Один из организаторов убийства Распутина – князь Феликс Юсупов. Несмотря на фамилию, он внук Феликса Сумарокова-Эльстона, а Юсуповым стал, женившись: в роду Юсуповых не было сыновей, и, дабы 400-летний род не пропал, царь разрешил Феликсу Феликсовичу именоваться князем Юсуповым, графом Сумароковым-Эльстоном. (Кроме древности рода, Юсуповы были еще несметно богаты: упоминаемый Яньковой Николай Юсупов не помнил на память все свои имения и при надобности сверялся по специальной книжке, «в которой по губерниям и уездам записаны были все его имения»). Впрочем то, что убийца Распутина прямой потомок толстовского персонажа – факт довольно известный: по поводу того, как причудливо тасуется колода, есть работа немецкой исследовательницы Нормы Манн «Похищенная смерть». Тизенгаузенами Норма Манн, как и некоторые другие, заинтересовалась через Пушкина: поэт ухаживал за дочерью Фердинанда Дарьей (и даже удачливо – описывая в «Пиковой даме», как Герман крадется в спальню к Лизе, Пушкин излагает свои приключения по пути к спальне Дарьи Тизенгаузен, причем в отличие от Германа Пушкин из спальни ушел только под утро). При этом еще и мать Дарьи, Елизавета, дочь Кутузова, будто бы не только дружила с Пушкиным, но и надеялась, несмотря на возраст, на нечто большее.
Иногда незаконнорожденным «на память» давали обрывки законных фамилий: так сын Ивана Трубецкого стал Бецким (уже упомянутый ранее куратор Смольного института). Чаще же родители проявляли фантазию: так, художник Орест Кипренский (сын помещика Дьяконова от крепостной крестьянки) имя Орест получил в честь одного из героев «Илиады», а фамилию Кипренский (изначально – Кипрейский) в честь богини Киприды (еще одно имя греческой богини любви Афродиты). Кипренский оставил множество портретов героев 1812 года, в том числе – портрет Евграфа Давыдова, который долгие годы считался портретом героя-партизана Дениса Давыдова, при том что Евграф и Денис двоюродные братья. (Евграф почти забыт историей и напрасно: в сражении при Лейпциге он потерял ногу и руку, получил Георгия третьей степени и чин генерал-майора, с чем и ушел в отставку. Умер в 48 лет).
Поэт Василий Жуковский был незаконнорожденным отпрыском помещика Афанасия Бунина от пленной турчанки (имя ее было Сальха, а после крещения – Елизавета Турчанинова). Фамилию и отчество будущий автор поэмы «Певец во стане русских воинов» получил от крестного, помещика Андрея Жуковского, который мальчика усыновил. Вторая жена историографа Николая Карамзина была незаконной дочерью Ивана Вяземского от графини Сиверс и приходилась знаменитому поэту Петру Вяземскому сводной сестрой.
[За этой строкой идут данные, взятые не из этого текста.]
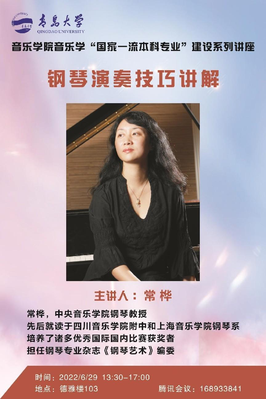 本讲座讲解内容包括钢琴演奏技巧及作品处理,涵盖钢琴的音色、八度与和弦、颤奏等技巧,并配有不同年代时期,不同流派风格的作品演奏与同步讲解,如古典主义乐派的贝多芬钢琴奏鸣曲和浪漫主义乐派的舒伯特奏鸣曲等优秀代表作,为音乐学院全体师生提供多维的钢琴学习思路。

После рождения она получила фамилию Колыванова по названию города, где родилась (Колывань было старое русское название Ревеля, ныне Таллина). Любимец царя Александра Николай Новосильцев (Новосильцов) был внебрачным сыном сестры графа Александра Строганова. Василий Перовский, в 1812 году колонновожатый свиты Его Величества, попавший в плен в Москве и чудом оставшийся в живых при отступлении французов (его судьба описана в романе Данилевского «Сожженная Москва»), был одним из семи внебрачных детей графа Алексея Разумовского от Марии Соболевской, дочери графского берейтора. Граф деликатно называл своих побочных детей «воспитанниками». Еще одним из них был Алексей Алексеевич (будущий писатель Антоний Погорельский, автор знаменитой страшной сказки «Черная курица, или Подземные жители», написанной в духе Гофмана, с которым Перовский-Погорельский был хорошо знаком лично), в 1812 году вступивший в казачий полк и отличившийся при Лейпциге и Кульме. Он будто бы имел связь с собственной сестрой Анной, в результате чего у них родился сын (будущий писатель Алексей Толстой), в обществе считавшийся племянником Алексея Перовского. (Из этого же рода произошла через поколение Софья Перовская, террористка, повешенная за покушение на Александра Второго).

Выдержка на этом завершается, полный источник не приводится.